Recovery in this sector is critical as many jobs are dependent on it: in Tbilisi; in rural areas like Kakheti, home to Georgia’s burgeoning wine industry; and on the coast around Batumi. It is also necessary for bringing Georgia’s deteriorating current account deficit under control; over 2020, the deficit rose to 12% of GDP against 5.5% in 2019 and is only expected to fall back to 7.5% in 2022 as tourism revenues recover.
“There is lots of potential to improve infrastructure in tourism, but also in the energy and transportation sectors,” says Yeung.
The trick will be for Georgia to focus on attracting foreign investment into these sectors.
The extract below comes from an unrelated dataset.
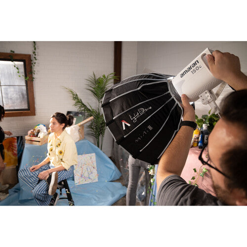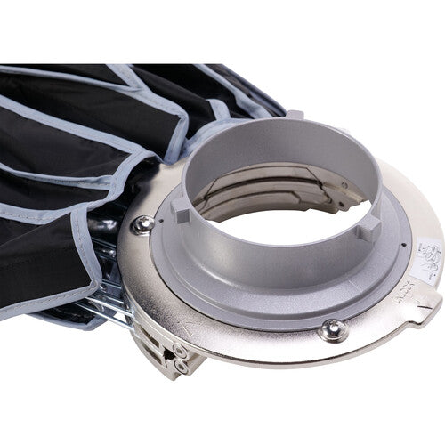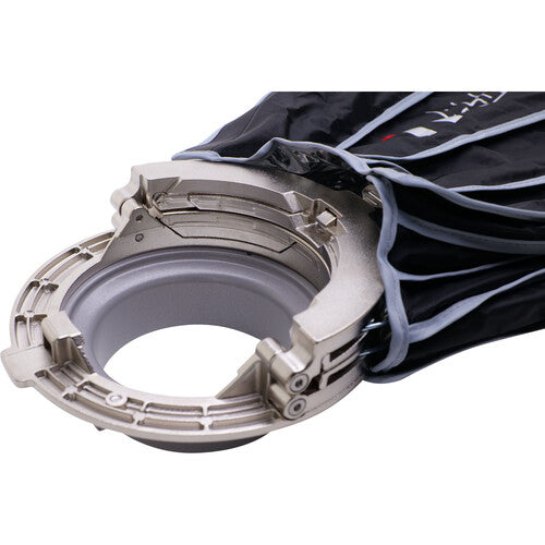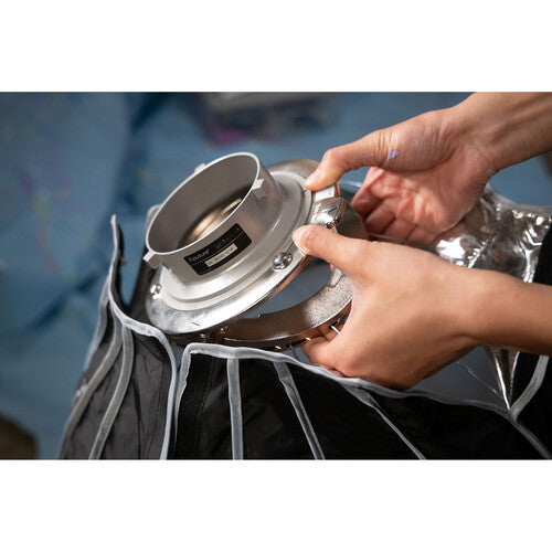 Armed with an upgraded dual-sided and foldable quick release mechanism, the 22.8" Light Dome Mini III from Aputure accelerates the set-up time for its 16-sided, point source-softening circular softbox, bringing professional, portrait-ready light to any shoot in mere seconds. Optimized for lightweight portability, the parabolic, hexadecanol structure of the Light Dome Mini III is fortified by 16 durable steel support rods, which now snap into place with the downward press of its widely-compatible Bowens Mount bracket, saving valuable time on set. Its shape also promotes uniform light output distribution for soft, even light on any subject. The modifier features a silver interior to maximize the light output and comes with a front diffusion cloth, a gold/silver inner baffle, and a 40° fabric grid for further light-shaping capabilities.

This will depend in part on securing a free trade agreement with the US to add to the ones it already has with Turkey and China and the association agreement it signed with the EU seven years ago. “Georgia has always done a good job of ensuring external support, but a further deterioration in the political dynamic could upset this,” Yeung warns.
Indeed, what is true for Georgia is so for its two neighbors as well. All three can expect growth to resume, but they will still face many challenges, with geopolitical concerns and the pandemic topping the list. While there will be opportunities as normality returns, investors will be watching closely to see whether the three governments make sustainable progress at reform.